Expected Time Complexity: $O(\log i)$, where $i$ is the index of the target element. Expected Auxiliary Space: $O(1)$

Constraints

• $1 <= N <= 10^5$
• $1 <= arr[i] <= 10^6$
• $1 <= K <= 10^6$

Implementation

Python

def binary_search(arr, left, right, target):
    while left <= right:
        mid = left + (right - left) // 2
        if arr[mid] == target:
            return mid
        elif arr[mid] < target:
            left = mid + 1
        else:
            right = mid - 1
    return -1

def exponential_search(arr, target):
    if arr[0] == target:
        return 0
    
    n = len(arr)
    i = 1
    while i < n and arr[i] <= target:
        i *= 2
    
    return binary_search(arr, i // 2, min(i, n - 1), target)

C++

#include <iostream>
#include <vector>
#include <algorithm>

int binary_search(const std::vector<int>& arr, int left, int right, int target) {
   while (left <= right) {
       int mid = left + (right - left) / 2;
       if (arr[mid] == target) {
           return mid;
       } else if (arr[mid] < target) {
           left = mid + 1;
       } else {
           right = mid - 1;
       }
   }
   return -1;
}

int exponential_search(const std::vector<int>& arr, int target) {
   if (arr[0] == target) {
       return 0;
   }

   int n = arr.size();
   int i = 1;
   while (i < n && arr[i] <= target) {
       i *= 2;
   }

   return binary_search(arr, i / 2, std::min(i, n - 1), target);
}

int main() {
   std::vector<int> arr = {1, 2, 3, 4, 5, 6, 7, 8, 9, 10};
   int target = 6;
   std::cout << "Index: " << exponential_search(arr, target) << std::endl;
   return 0;
}

Java

import java.util.Arrays;

public class ExponentialSearch {
    public static int binarySearch(int[] arr, int left, int right, int target) {
        while (left <= right) {
            int mid = left + (right - left) / 2;
            if (arr[mid] == target) {
                return mid;
            } else if (arr[mid] < target) {
                left = mid + 1;
            } else {
                right = mid - 1;
            }
        }
        return -1;
    }

    public static int exponentialSearch(int[] arr, int target) {
        if (arr[0] == target) {
            return 0;
        }

        int n = arr.length;
        int i = 1;
        while (i < n && arr[i] <= target) {
            i *= 2;
        }

        return binarySearch(arr, i / 2, Math.min(i, n - 1), target);
    }

    public static void main(String[] args) {
        int[] arr = {1, 2, 3, 4, 5, 6, 7, 8, 9, 10};
        int target = 6;
        System.out.println("Index: " + exponentialSearch(arr, target));
    }
}

JavaScript

function binarySearch(arr, left, right, target) {
    while (left <= right) {
        let mid = left + Math.floor((right - left) / 2);
        if (arr[mid] === target) {
            return mid;
        } else if (arr[mid] < target) {
            left = mid + 1;
        } else {
            right = mid - 1;
        }
    }
    return -1;
}

function exponentialSearch(arr, target) {
    if (arr[0] === target) {
        return 0;
    }

    let n = arr.length;
    let i = 1;
    while (i < n && arr[i] <= target) {
        i *= 2;
    }

    return binarySearch(arr, Math.floor(i / 2), Math.min(i, n - 1), target);
}

const arr = [1, 2, 3, 4, 5, 6, 7, 8, 9, 10];
const target = 6;
console.log("Index:", exponentialSearch(arr, target));

Complexity Analysis

Time Complexity: $O(\log i)$, where $i$ is the index of the target element.
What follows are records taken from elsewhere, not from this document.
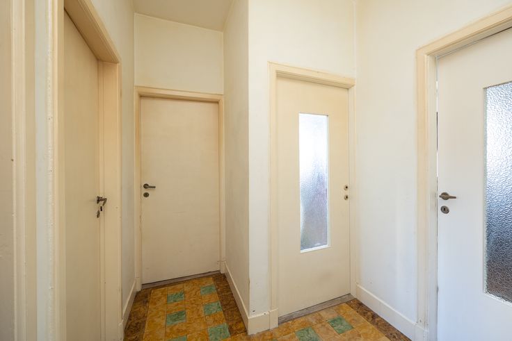 Op het gelijkvloers vinden we de gezamenlijke inkomhal en het éénslaapkamerappartement (62m²) met koer.
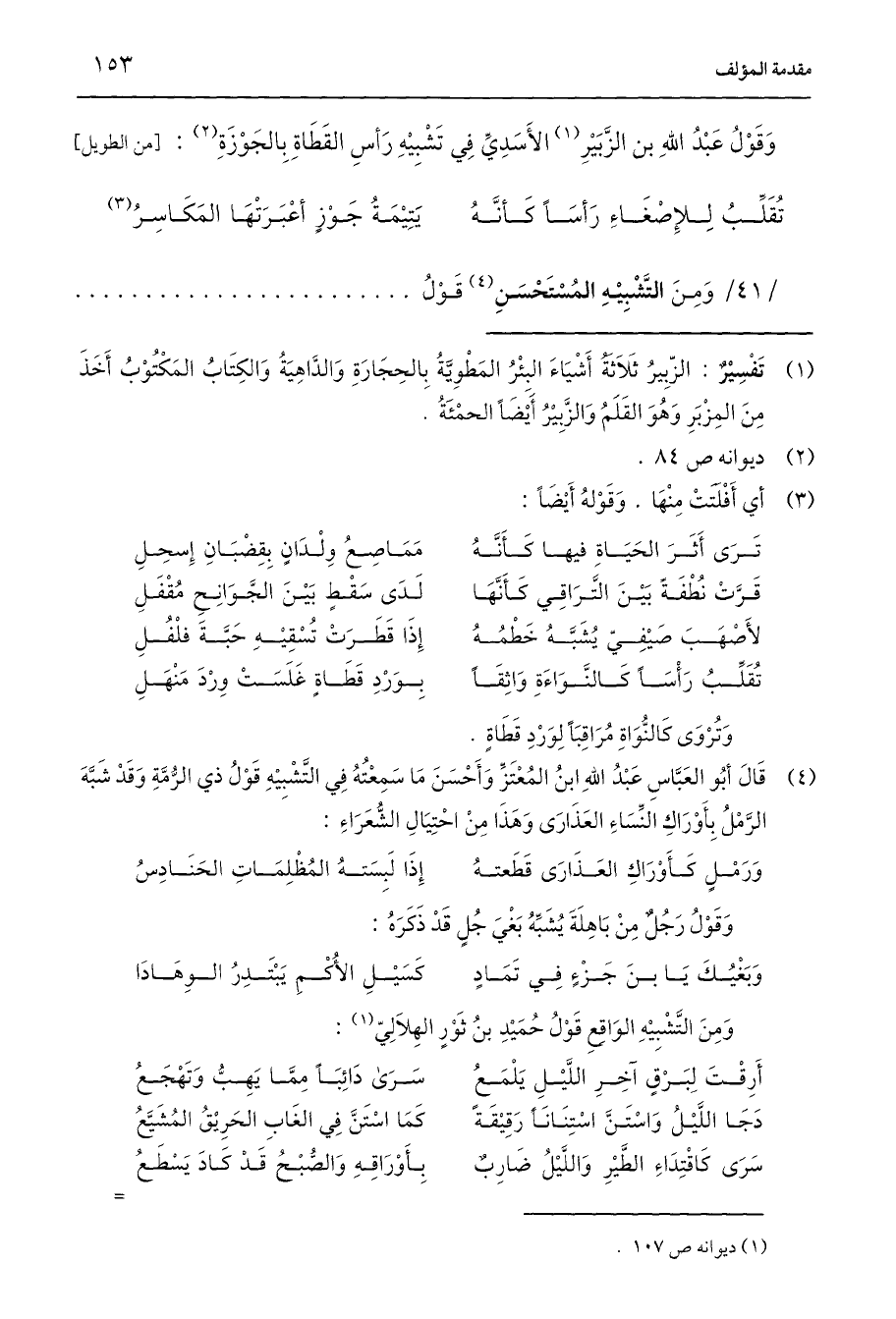 (¬4) قَالَ أَبُو العَبَّاسِ عَبْدُ اللَّهِ ابْنُ المُعْتَزِّ وَأَحْسَنَ مَا سَمِعْتُهُ فِي التَّشْبِيْهِ قَوْلُ ذي الرُّمَّةِ وَقَدْ شَبَّهَ الرَّمْلُ بِأَوْرَاكِ النِّسَاءِ العَذَارَى وَهَذَا مِنْ احْتِيَالِ الشُّعَرَاءِ:
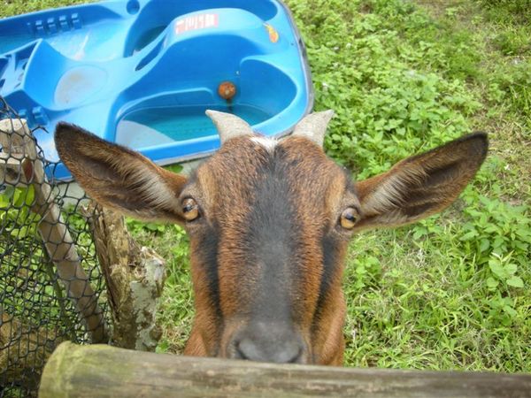 在馬場的另一頭,看到了一支可愛的山羊,仔細看她的眼睛唷,真的很可愛。
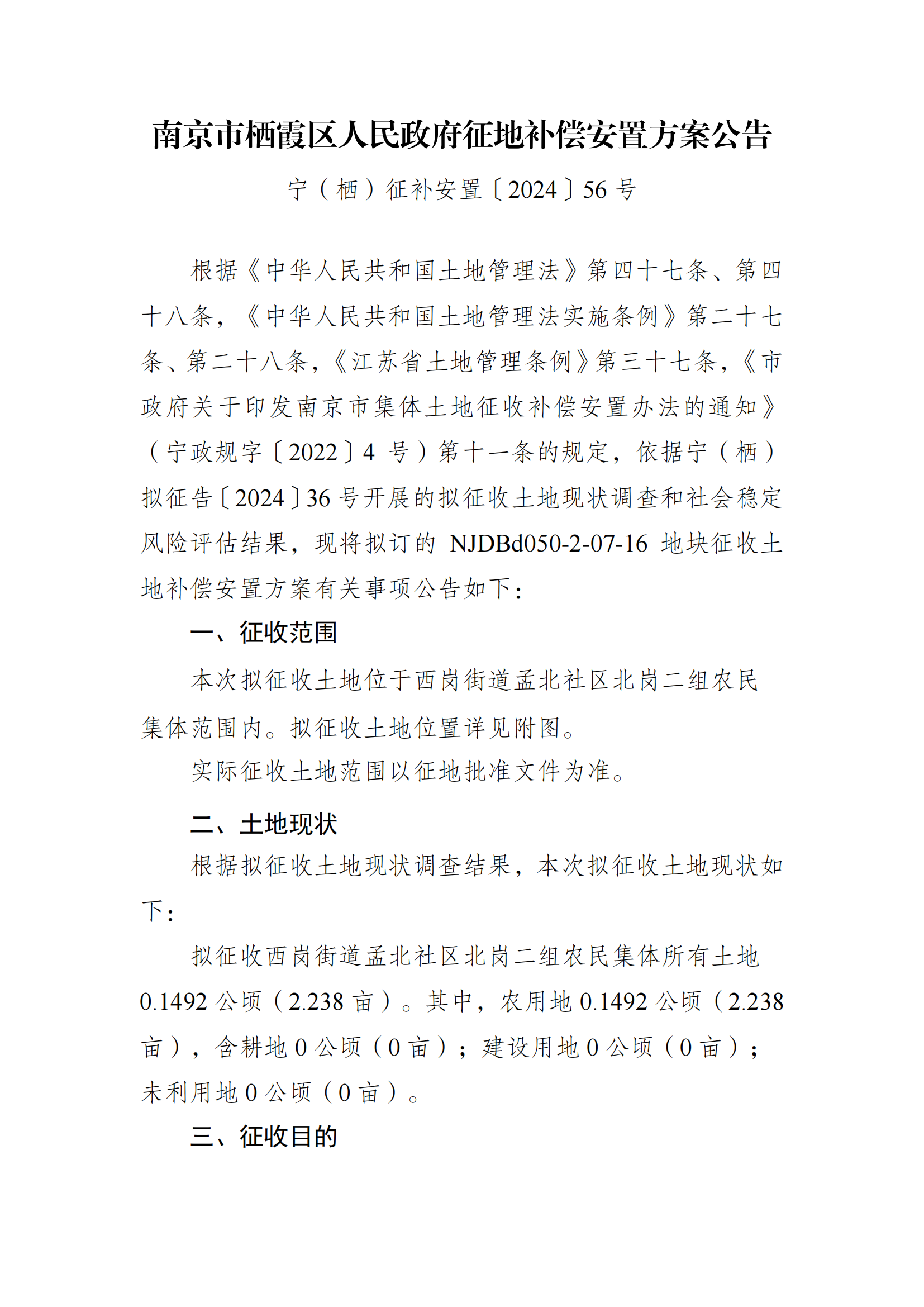 信息名稱:    寧(棲)征補安置〔2024〕56號-NJDBd050-2-07-16地塊

The doubling step takes logarithmic time, and the binary search within the range also takes logarithmic time.

Space Complexity: $O(1)$, as no extra space is required apart from the input list.

Advantages and Disadvantages

Advantages:

Efficient for searching in sorted arrays, especially when the target element is close to the beginning.

Combines the benefits of both linear and binary search.

Disadvantages:

Requires the list to be sorted.

Slightly more complex to implement compared to binary search alone.